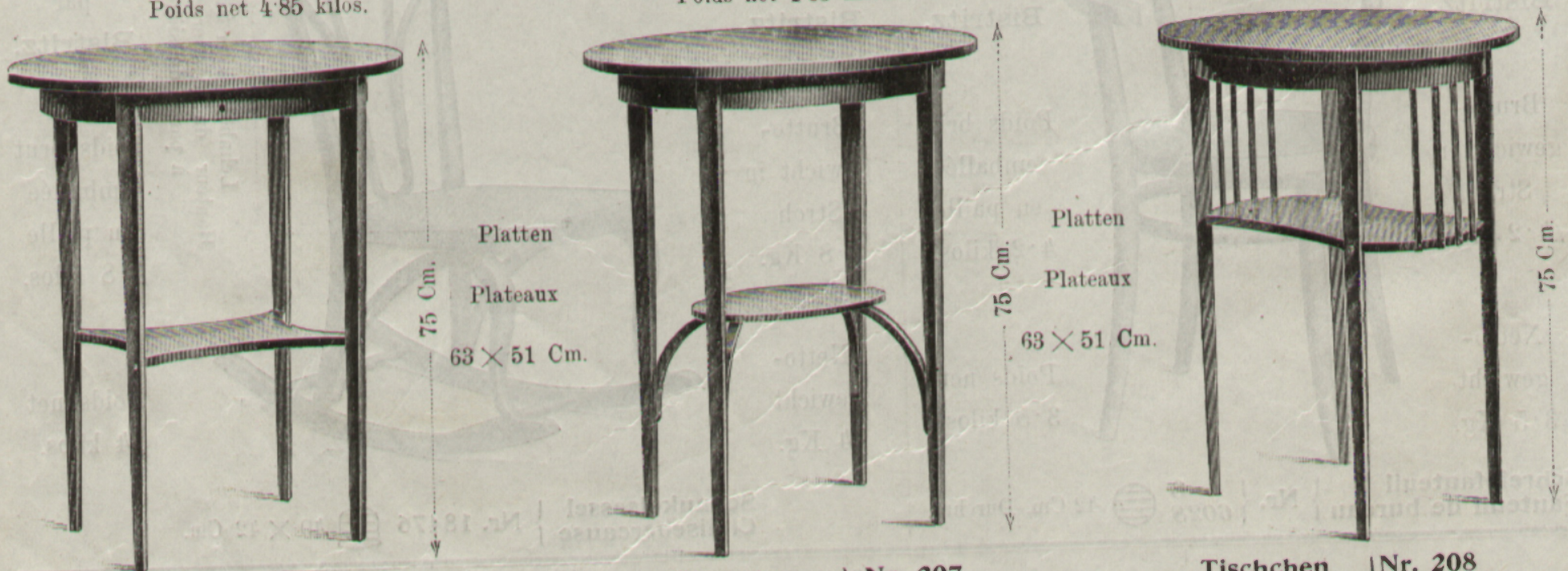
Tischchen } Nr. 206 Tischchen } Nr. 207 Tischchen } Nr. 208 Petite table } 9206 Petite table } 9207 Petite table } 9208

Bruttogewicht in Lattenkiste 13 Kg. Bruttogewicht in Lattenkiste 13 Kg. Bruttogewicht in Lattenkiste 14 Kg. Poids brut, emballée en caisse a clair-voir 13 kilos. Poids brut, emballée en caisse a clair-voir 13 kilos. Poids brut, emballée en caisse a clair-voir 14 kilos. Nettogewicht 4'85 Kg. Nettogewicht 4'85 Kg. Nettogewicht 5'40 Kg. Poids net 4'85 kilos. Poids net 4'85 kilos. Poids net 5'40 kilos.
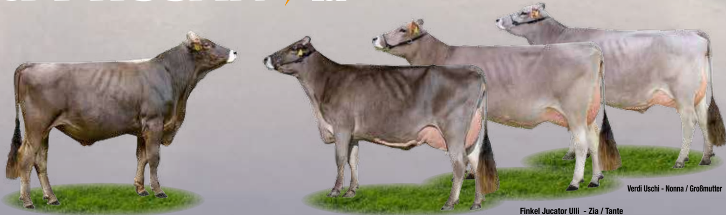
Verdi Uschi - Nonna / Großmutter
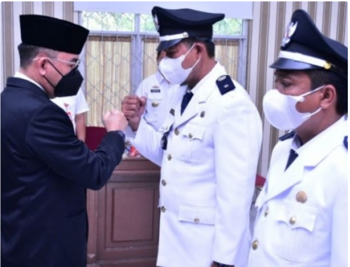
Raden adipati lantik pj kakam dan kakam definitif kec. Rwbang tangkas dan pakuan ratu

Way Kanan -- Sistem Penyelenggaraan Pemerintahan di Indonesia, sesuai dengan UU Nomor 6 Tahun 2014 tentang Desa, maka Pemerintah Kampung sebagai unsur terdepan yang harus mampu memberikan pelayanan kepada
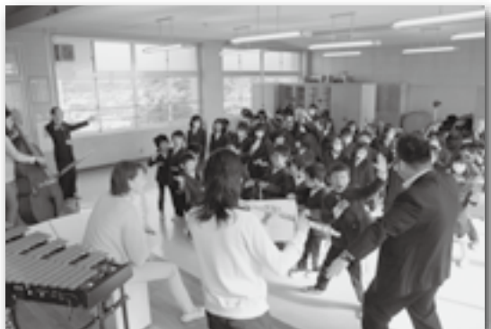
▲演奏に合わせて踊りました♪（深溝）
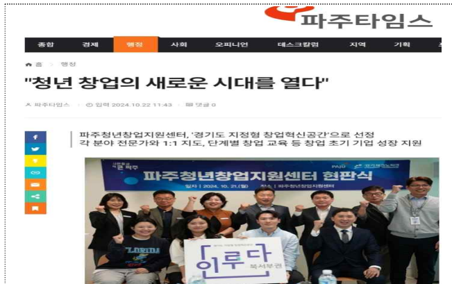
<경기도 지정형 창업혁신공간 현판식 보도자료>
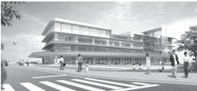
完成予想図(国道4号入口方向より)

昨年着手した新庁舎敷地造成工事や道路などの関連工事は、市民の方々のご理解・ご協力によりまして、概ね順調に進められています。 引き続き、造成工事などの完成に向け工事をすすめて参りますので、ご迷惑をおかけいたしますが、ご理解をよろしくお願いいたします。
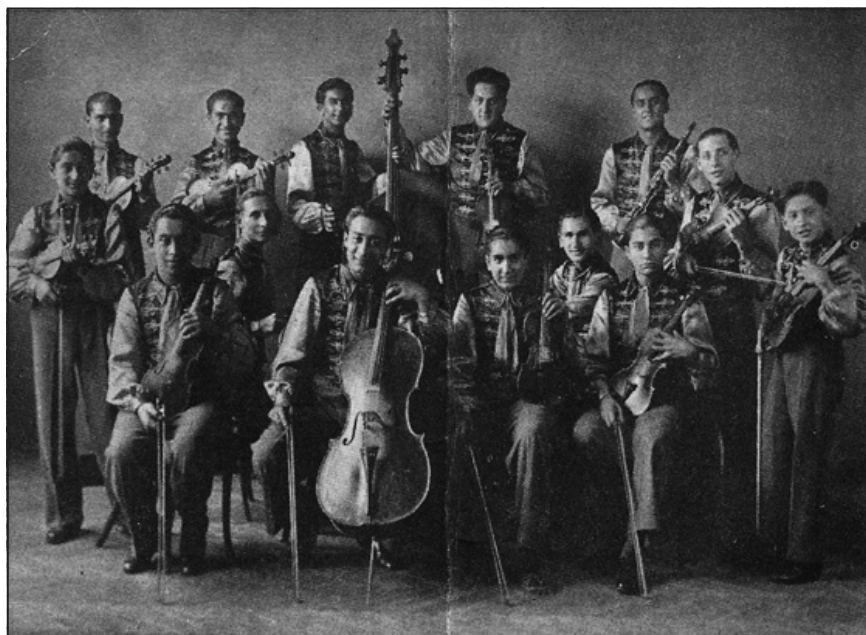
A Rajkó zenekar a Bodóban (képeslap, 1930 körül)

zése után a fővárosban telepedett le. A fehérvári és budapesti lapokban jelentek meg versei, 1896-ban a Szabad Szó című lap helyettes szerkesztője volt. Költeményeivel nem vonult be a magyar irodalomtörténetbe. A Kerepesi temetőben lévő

________________

* [Work to complete]: The line with "A Rajkó zenekar" and all lines after it through the end of the data above: write these out exactly and add nothing.

* [Output of the task]:
A Rajkó zenekar a Bodóban (képeslap, 1930 körül)

zése után a fővárosban telepedett le. A fehérvári és budapesti lapokban jelentek meg versei, 1896-ban a Szabad Szó című lap helyettes szerkesztője volt. Költeményeivel nem vonult be a magyar irodalomtörténetbe. A Kerepesi temetőben lévő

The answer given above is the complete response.